The S&P/TSX Capped Health Care Index fell 1% to close out the trading session on Thursday, September 21. This index has been hit hard by volatility in the first half of this decade, largely due to its exposure to the reeling cannabis space. Indeed, investors should be looking to healthcare stocks in the 2020s. Aging demographics, medical advances, and technological development are leading to huge growth in the healthcare space.
Today, I want to sidestep the broader negativity and look at a Canadian growth stock that could see its value multiply by 10 over the next decade. Let’s dive in!
How has this growth stock performed over the past year?
WELL Health Technologies (TSX:WELL) is the growth stock that I’m targeting to start the autumn season. This practitioner-focused digital health company is based in Vancouver and operates in Canada, the United States, and around the world. Shares of this growth stock have increased 1.1% month over month as of close on Thursday, September 21. The stock has surged 54% so far in 2023.
Investors who want to see more of its recent and past performance can toggle the interactive price chart below.
Why you should be excited about the future of telehealth
The COVID-19 pandemic fundamentally changed services that traditionally required face-to-face communication. In the medical field, this led to a sharp rise in the use of telehealth services. Telehealth is health care that is provided remotely to a patient through digital communication. These services saw a sharp rise during the COVID-19 pandemic. While the end of the pandemic saw a turn back to face-to-face services, this does not mean that telehealth usage will go away. On the contrary, the rise of telehealth could allow for an easier way to serve patients as hospitals and family doctors are overwhelmed by demand.
Grand View Research recently valued the global telehealth market at US$83.5 billion in 2022. The same report projects that this market will deliver a compound annual growth rate (CAGR) of 24% from 2023 through to 2030. Fortune Business Insights also projected that the global telehealth market would achieve a CAGR of 19% from 2023 to 2030. It valued the 2022 market at US$128 billion and expects it to grow to US$504 billion by the end of the forecast period.
Should investors be happy with WELL Health’s recent earnings?
This company released its second-quarter (Q2) fiscal 2023 earnings on August 10. WELL Health achieved record quarterly revenues of $170 million. That marks the 18th straight quarter that the company had posted record revenues.
EBITDA stands for earnings before interest, taxes, depreciation, and amortization, aiming to give a clearer picture of a company’s profitability. WELL Health achieved record adjusted EBITDA of $27.8 million in Q2 2023. The company also surpassed one million patient visits in the quarter for the first time. This strong quarter inspired WELL Health to bolster its guidance. It now expects total revenue between $740 million and $760 million.
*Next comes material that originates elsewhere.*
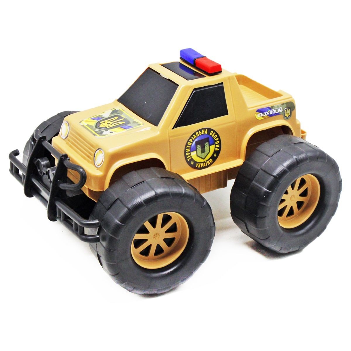Пластиковий джип "Територіальна оборона", прикрашений національною символікою України. Іграшка чудово підійде для гри як удома, так і на вулиці. Допомагає розвивати уяву та дрібну моторику рук. Діаметр коліс: 9 см. Розмір машинки 24х15х19 см. Для дітей віком від 3-х років.

Here’s why I’m stacking shares of this growth stock right now!
Shares of this growth stock are trading in favourable value territory compared to its industry peers at the time of this writing. Better yet, WELL Health is on track for phenomenal earnings growth in the quarters and years ahead. Investors should be eager to seek exposure to the telehealth space in 2023 and beyond. It is not too late to snatch up many shares of WELL Health.